# Laser Dark incomplete transfer A and B sheet



## Akadian (Feb 4, 2018)

Hi, 

I use Forever Laser Dark A and B sheet and I have a problem with transfer. The image from A Foil stick on B paper. 

Temperature 320F with low to medium pressure for 90 sec
Paper size 11x17

I increased the temperature to 330F and it was worst.
I reduce the pressure and it was not better.

If someone can help me, I ll appreciate.

Thanks

Eric


----------



## paradigmprint (May 7, 2017)

I've been using the Forever low temp for several years ... here's the process I use for 11 x 17.....

First, I'm assuming you're using the paper with one of the Okidata White Toner printers? If not, I believe they have different instructions for a couple other OKI CMYK printers but I'm pretty sure that the paper isn't intended for use with other brand printers.

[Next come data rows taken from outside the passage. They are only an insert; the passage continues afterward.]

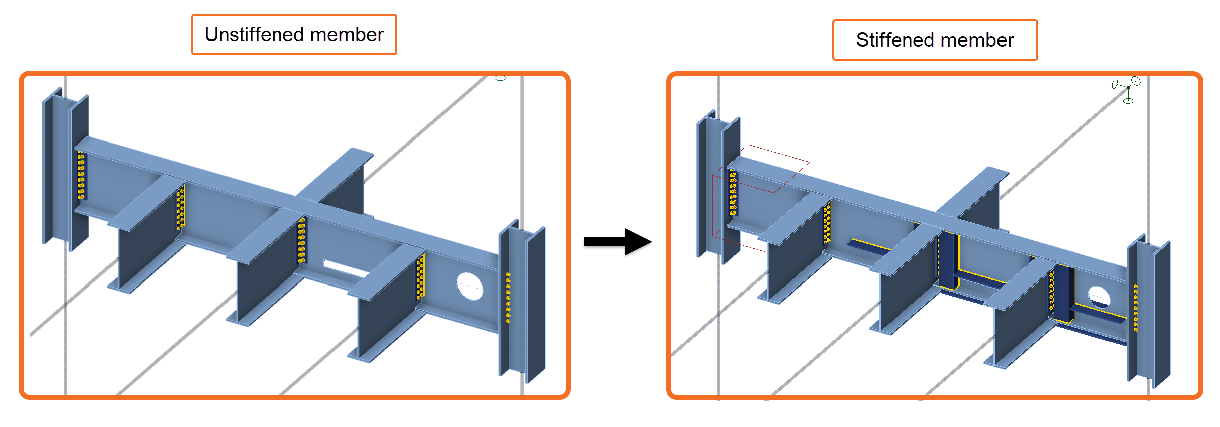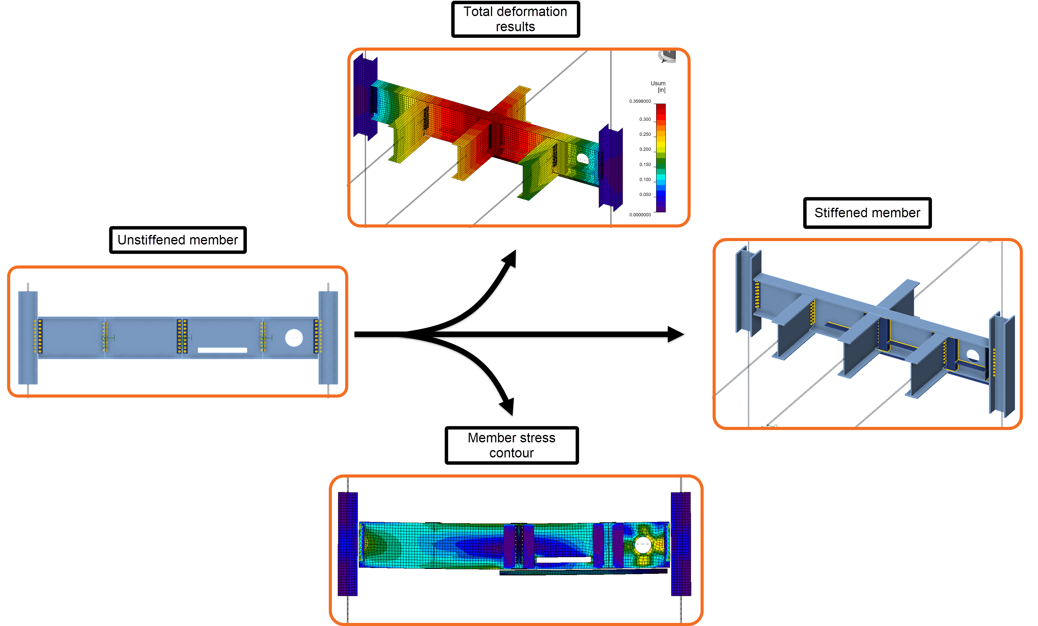 To address this, the engineering team leveraged the IDEA StatiCa Member application to perform a detailed stress analysis of the floor beams, particularly at critical web openings. By accurately modeling the existing beam conditions and proposed reinforcements, the software provided insight into stress concentrations and load redistribution, allowing the team to develop efficient and reliable reinforcement details.
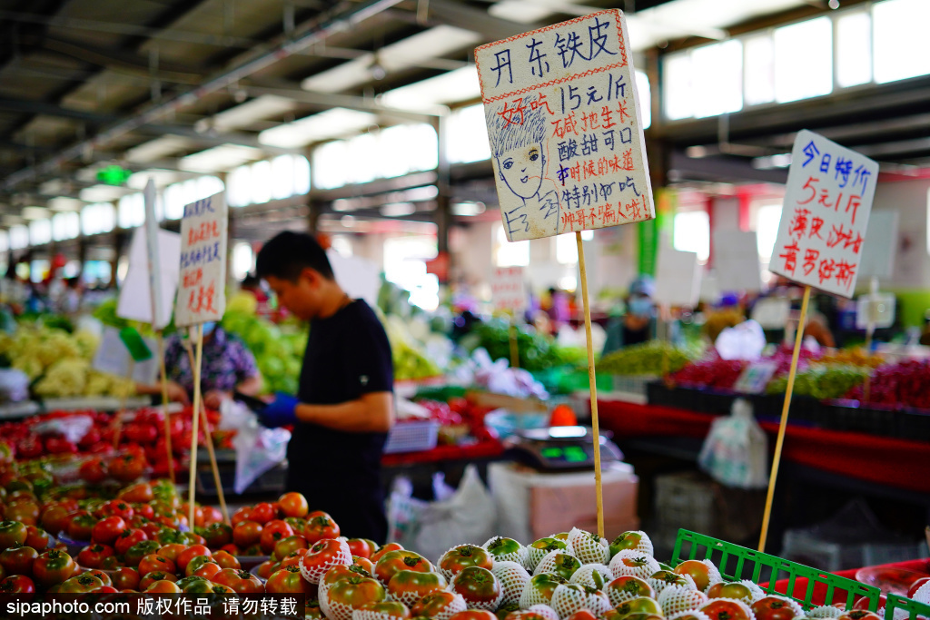5月15日,位于海淀区羊坊店站东的农贸市场内热闹非凡,不少摊位上那些专属于瓜果蔬菜的“烟火文学”,让菜市场充满了青春气息。
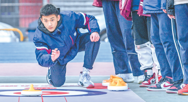 在武汉市第十五中学开展的是旱地冰壶,操场上铺有两张方形纸板作为冰壶赛道,两侧分别设有一个平面同心圆垒,从外到内呈蓝白红三色。选手以5人为一组,分红黄两队站在圆垒一侧,沿中线依次投掷冰壶,击到同心圆垒内得分。两队掷完8次后,场上冰壶距离红色同心圆最近的队获胜。学生们通力协作保护自己队的冰壶停在同心圆垒中,将对手的冰壶击出垒外……队员们一边为自己队呐喊加油,一边关注着赛道的情况,玩得不亦乐乎。
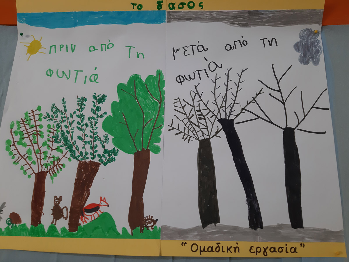4ο:Φτιάξαμε ομαδική εργασία με τα ζώα του δάσους που κινδυνεύουν από τις φωτιές
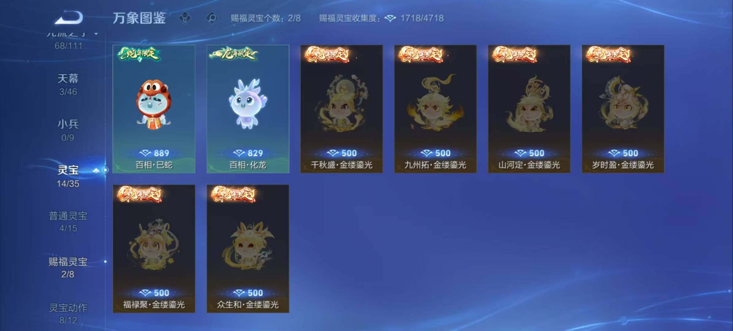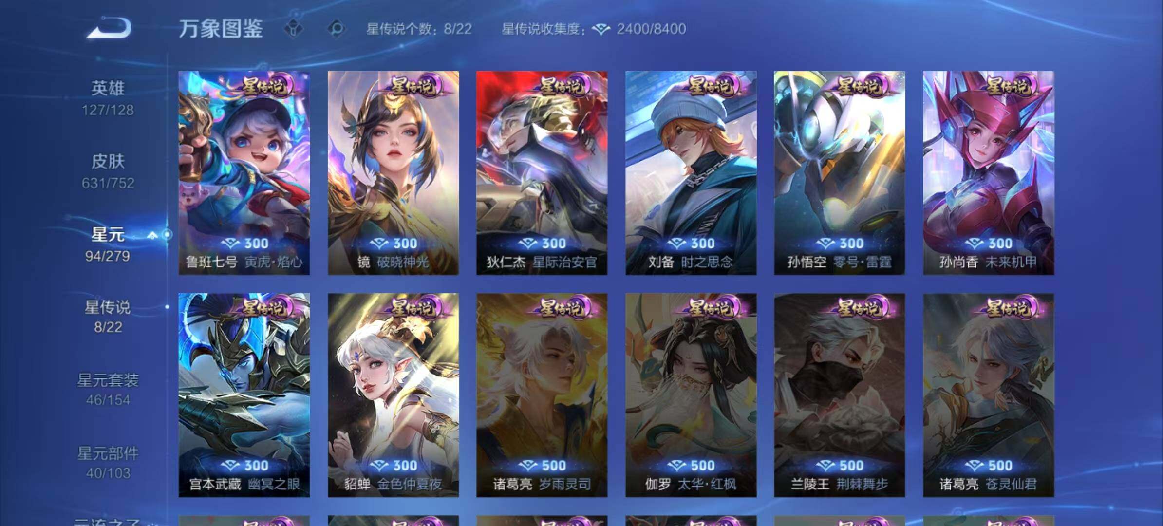 孙膑妖精王,扁鹊炼金王,虞姬凯尔特女王,白起狰,太乙真人饕餮,曹操烛龙,芈月重明,典韦穷奇,狂铁御狮,米莱狄御霄,牛魔御旌,盾山御銮,夏侯惇朔风刀,明世隐疑决卦,老夫子醍醐杖,鬼谷子原初探秘者,狄仁杰万华元夜,程咬金演武夺筹,钟馗驱傩正仪,苏烈千军破阵,吕布猎兽之王,嬴政白昼王子,女娲朔望之晖,典韦蓝屏警告,钟馗神迹守卫,鲁班七号狮舞东方,沈梦溪星空之诺,李元芳银河之约,刘邦夺宝奇兵,马可波罗暗影游猎,蒙犽狂想玩偶喵,元歌云间偶戏,弈星混沌棋,达摩沙漠行僧,兰陵王金庭之子,沈梦溪大漠名商,李元芳云中旅人,桑启海盐诗旅,裴擒虎擒涛扼浪,鲁班大师探海日志,张良古海寻踪,项羽苍威无极,镜青焰无极

1). Heat press temp set to 305 degrees
2). Preheat the platen to begin with (before the first press).
3). Foil first - covered with the B paper. (I make a small slice at the bottom right corner to allow a grab space to peel).
4). I place 4 sheets of standard 11x17 typing paper on top of the B sheet. (It helps to place a sheet of silicone or baking paper sideways between the B sheet and the typing paper to allow for easy removal of the typing paper after pressing).
5). Press at medium/low pressure for 2:00 minutes.
6). Remove the typing paper and peel immediately from bottom right to top left - keeping the paper as much against the platen as possible.


----------



## wisdom1201 (May 3, 2016)

paradigmprint said:


> I've been using the Forever low temp for several years ... here's the process I use for 11 x 17.....
> 
> First, I'm assuming you're using the paper with one of the Okidata White Toner printers? If not, I believe they have different instructions for a couple other OKI CMYK printers but I'm pretty sure that the paper isn't intended for use with other brand printers.
> 
> ...


 Thank you so much for answering this because I to was having SOOO much difficulties with this paper having spotty transferring. I know you mentioned that it has to be an OKI printer but when I look at the instructions if gives heat settings for OKI and CMYK so I don't believe this to be an issue. It transfers about 85 percent of the time but its that other percent that is costing me money lol


----------



## bwdesigns (Aug 10, 2006)

I always make sure the bottom platen is hot. So if there is a bit of a wait between transfers, I run a press cycle, or a half of one anyways.


----------



## paradigmprint (May 7, 2017)

wisdom1201 said:


> It transfers about 85 percent of the time but its that other percent that is costing me money lol


Kind of, I think? My experience with traditional CMYK printers using Forever (or Neenah) is that they do a good job with more dense colors but not so much with pastels. The white toner, being a dense color, and an underlay of all prints, resolves this issue.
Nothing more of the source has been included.